Insulin overview

Easy-to-read medicine information about insulin – what it is, how to use insulin safely and possible side effects.

Key points

  1. Insulin in our body is made by our pancreas so if the insulin-producing cells in our pancreas are damaged, (such as in type 1 diabetes and over time in type 2 diabetes) then we need to replace this insulin to help our bodies function well.
  2. Insulin cannot be taken by mouth as a tablet because it is inactivated by our digestive enzymes.
  3. Insulin needs to be taken as an injection, just under the skin so it can be absorbed into the bloodstream and travel around the body to help glucose get into our cells and give us the energy we need for daily life.

Types of insulin

There are different brands of insulin available in New Zealand and these are grouped by the time it takes for the insulin to work.

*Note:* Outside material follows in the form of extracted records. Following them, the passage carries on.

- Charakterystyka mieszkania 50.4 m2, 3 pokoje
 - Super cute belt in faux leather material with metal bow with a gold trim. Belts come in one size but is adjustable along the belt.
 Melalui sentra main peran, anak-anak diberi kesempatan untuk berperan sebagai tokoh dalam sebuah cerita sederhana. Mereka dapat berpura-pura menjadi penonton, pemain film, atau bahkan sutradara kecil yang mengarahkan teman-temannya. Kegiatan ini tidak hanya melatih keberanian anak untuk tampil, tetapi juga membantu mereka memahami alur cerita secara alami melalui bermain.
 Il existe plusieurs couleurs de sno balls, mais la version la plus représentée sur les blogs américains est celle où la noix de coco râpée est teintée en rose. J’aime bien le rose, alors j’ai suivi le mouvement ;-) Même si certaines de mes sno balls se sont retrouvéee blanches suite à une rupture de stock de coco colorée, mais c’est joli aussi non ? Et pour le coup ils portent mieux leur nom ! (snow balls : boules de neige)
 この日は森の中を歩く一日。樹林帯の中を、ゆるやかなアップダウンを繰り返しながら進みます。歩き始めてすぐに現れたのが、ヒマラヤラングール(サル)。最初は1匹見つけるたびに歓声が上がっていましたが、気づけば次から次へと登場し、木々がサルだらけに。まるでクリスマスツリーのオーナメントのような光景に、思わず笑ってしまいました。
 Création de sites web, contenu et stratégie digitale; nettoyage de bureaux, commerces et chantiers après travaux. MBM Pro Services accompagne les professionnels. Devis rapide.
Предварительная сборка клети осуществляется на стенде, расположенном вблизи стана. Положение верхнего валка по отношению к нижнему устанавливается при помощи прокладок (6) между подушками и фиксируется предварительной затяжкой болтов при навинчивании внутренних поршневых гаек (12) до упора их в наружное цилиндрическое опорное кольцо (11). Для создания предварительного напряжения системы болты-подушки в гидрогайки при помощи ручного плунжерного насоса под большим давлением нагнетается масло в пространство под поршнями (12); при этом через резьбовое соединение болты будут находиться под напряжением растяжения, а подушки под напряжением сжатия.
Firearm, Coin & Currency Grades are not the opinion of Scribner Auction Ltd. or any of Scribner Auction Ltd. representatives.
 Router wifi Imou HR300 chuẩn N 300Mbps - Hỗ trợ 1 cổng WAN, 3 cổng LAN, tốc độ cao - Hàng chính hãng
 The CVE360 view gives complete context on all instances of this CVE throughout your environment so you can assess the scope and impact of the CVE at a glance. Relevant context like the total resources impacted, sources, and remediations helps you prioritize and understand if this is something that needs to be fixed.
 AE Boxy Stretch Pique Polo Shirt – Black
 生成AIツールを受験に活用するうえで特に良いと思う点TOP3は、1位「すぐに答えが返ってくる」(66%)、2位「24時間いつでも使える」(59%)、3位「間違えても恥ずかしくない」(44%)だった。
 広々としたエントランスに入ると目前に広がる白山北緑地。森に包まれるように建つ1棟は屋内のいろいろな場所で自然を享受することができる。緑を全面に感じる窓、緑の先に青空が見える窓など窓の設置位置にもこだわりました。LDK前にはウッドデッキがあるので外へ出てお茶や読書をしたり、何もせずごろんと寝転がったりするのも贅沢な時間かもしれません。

Type of insulin Description
Rapid acting insulin
  • Usually works straight away, so it is injected just before or with food. Its effect lasts 1 to 2 hours.
  • Examples:
    • NovoRapid
    • Apidra
    • Apidra Solostar
    • Humalog
Short acting insulin
  • Usually works within 15 to 20 minutes, so inject each dose 15 to 20 minutes before you eat. Its effect lasts 3 to 4 hours.
  • Examples:
    • Actrapid
    • Humulin R
Intermediate and long acting insulin
  • Usually works after about 1 hour. Its effect lasts all day and may be injected once or twice a day.
  • Examples:
    • Protophane
    • Humulin NPH
    • Lantus
    • Lantus Solostar
    • Levemir (not subsidized in New Zealand) 
Premixed insulin
  • These insulins are a mixture of short and intermediate acting insulins.
  • These may be injected twice a day, in the morning, before breakfast and before dinner. Pre-mixed insulin must be injected before dinner, rather than before bedtime. 
  • Examples:
    • NovoMix 30 FlexPen
    • PenMix 30
    • PenMix 40
    • PenMix 50
    • Humulin 30/70
    • Mixtard 30
    • Humalog Mix 25
    • Humalog Mix 50


Your doctor or nurse will work with you to find the best insulin to meet your needs. This can be made up of a rapid acting insulin and an intermediate or long acting insulin, or it can be insulin and tablets.

How to use insulin

  • The timing of your insulin in relation to food and exercise  is important. Your doctor or nurse will advise you when it is best to use your insulin.
  • It is best to avoid hot showers or baths within 30 minutes of an insulin dose.
  • Your doctor or nurse will advise what to do if you miss a dose of insulin.
  • Drinking alcohol can affect blood glucose and the dose of insulin may need to be changed. Avoid or limit alcohol intake.
  • If you are unwell and not eating as you usually do, your insulin dose may need to be changed. Contact your doctor or nurse for advice.

Injection sites

  • Insulin should be injected into the fatty tissue under the skin. The abdomen or tummy area, about 5 cm away from your belly button, is usually a good place. It is easy to reach and insulin absorbs well from this area.
  • Other areas such as the buttocks, thigh or outer arm are usually not preferred because they are harder to reach, insulin is absorbed slower and absorption may be affected by exercise.   
  • Move injection sites so that the skin does not become lumpy. Lumpy skin can affect how your body absorbs insulin.  You can move from one side of your abdomen to the other side each time.  
  • Do not inject insulin on any scar tissue.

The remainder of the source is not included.